Learning
Look above at that perfectly segmented and appointed little lunch tray. Do you have any doubt that the tater tots are protected from accidental mingling with the nuggets? Would a leaking milk container ruin the entire meal? No. That's the importance of segmentation and its a strategy you can use in your networks to protect against ransomware and other malicious actors.
Segmentation prevents lateral movement of network traffic. If you are still running a flat network with single VLANs designed around physical barriers or geographic markers, then now is the time to adjust your thinking and segment your network traffic.
Imagine, if you will, a safer and more efficient local network that springs up solely from you keeping your milk and tater tots in separate compartments. Segmentation allows the network administrator to specify different constraints, permissions, filtering, quality of service, and priorities for each segment. It allows a masterful conductor to weave together an environment, however transparent to the user, that is more controlled, auditable, and where traffic from one segment may or may not be allowed on another segment.
How does it work in real life? What if we created a VLAN that was solely for administrative computers in the building? We could set rules that prevent any student-designated device or BYOD from accessing (or knowing the existence of) the administrative machine. If a ransomware attack started from a student device, there is a good chance that the spread of such an attack would be contained to the student segment. It works in the opposite direction too. If an administrator had the infection, it would be contained and instruction could continue in the classrooms.

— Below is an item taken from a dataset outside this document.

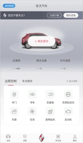 1、宝沃汽车应用是专门为宝沃汽车用户定制的,相关功能操作需要先绑定宝沃汽车;若未完成绑定,则仅能使用体验数据。
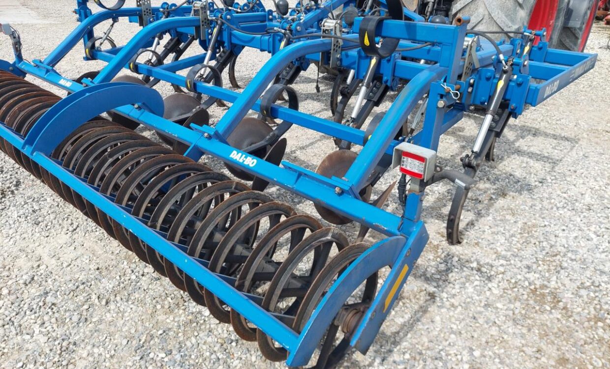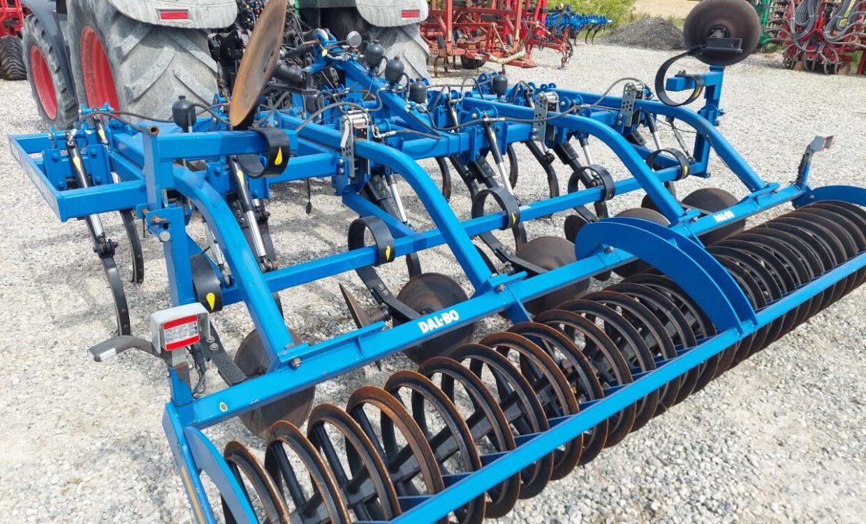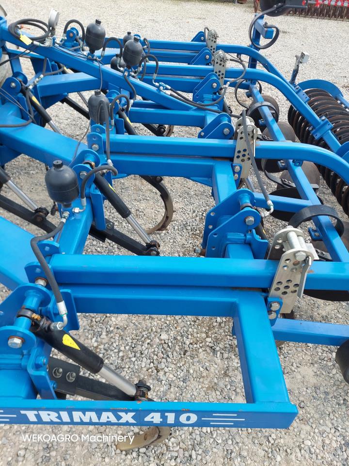 Velholdt Dalbo Trimax 410 NSH 2D med 15 tænder for delt på 3 buller. Tænderne har hydraulisk stensikring. Udjævnerdisce. Dybdejustering via T-ringspakkeren. Monteret med LED-lys og sidemakering.

Your Guest WIFI network may already be utilizing these concepts. Guests are isolated on a network segment with no access other than to the Internet and perhaps a DMZ webserver. Now apply that concept across the school building and think of what you could accomplish.

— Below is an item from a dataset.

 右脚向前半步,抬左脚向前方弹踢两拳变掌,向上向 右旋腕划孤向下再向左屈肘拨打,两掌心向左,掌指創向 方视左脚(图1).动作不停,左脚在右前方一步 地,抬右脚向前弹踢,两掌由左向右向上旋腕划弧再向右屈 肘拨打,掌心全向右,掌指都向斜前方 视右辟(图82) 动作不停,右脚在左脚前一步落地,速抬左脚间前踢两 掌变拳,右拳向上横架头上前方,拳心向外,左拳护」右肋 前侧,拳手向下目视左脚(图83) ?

Here are some suggested segmentation ideas:
- Administrator devices
- Teacher devices (further segment by grade/subject)
- Student devices (further segment by grade/hall)
- IT devices
- Security devices including cameras & panic systems
- HVAC, fire, kitchen, and plant operations
- Experimental (Alexa, IOT, Robots, rouge BYOD)
In the grand scheme of things, most of the devices on your network don't need to see/talk to each other... they only need to access servers, printers, and the Internet. So why allow them to access more than they need? Does a student device need to be able to perform a port scan on your security cameras? Does a teacher need to be able to print to every printer in the building or just the one in their grade level? Do student computers need to access the projectors in other halls or grade levels?
There are more tools and configurations that have to be done to make this kind of network work so seamlessly. However, it is possible. Your floating users can switch VLANs as easily as they switch APs. A student device that moves to another classroom can suddenly see new printers, a new projector, and a shared resource, but loses access to those devices he had in the last class.
Segmentation increases efficiency and logic in the network. It's not the easiest thing to accomplish but the benefits far outweigh the initial struggle. For malicious attacks, you may just stop ransomware in its tracks and only have to recover from a small outbreak instead of a large catastrophe. Most of your school operations can continue while you recover those affected.
If your goal is security, start easy. Segment your servers from your end points and reduce the traffic flow to only those protocols and ports that are required for operations. Segment critical laptops or devices as soon as you can. Each little step you make increases your security posture and makes you more capable of fighting.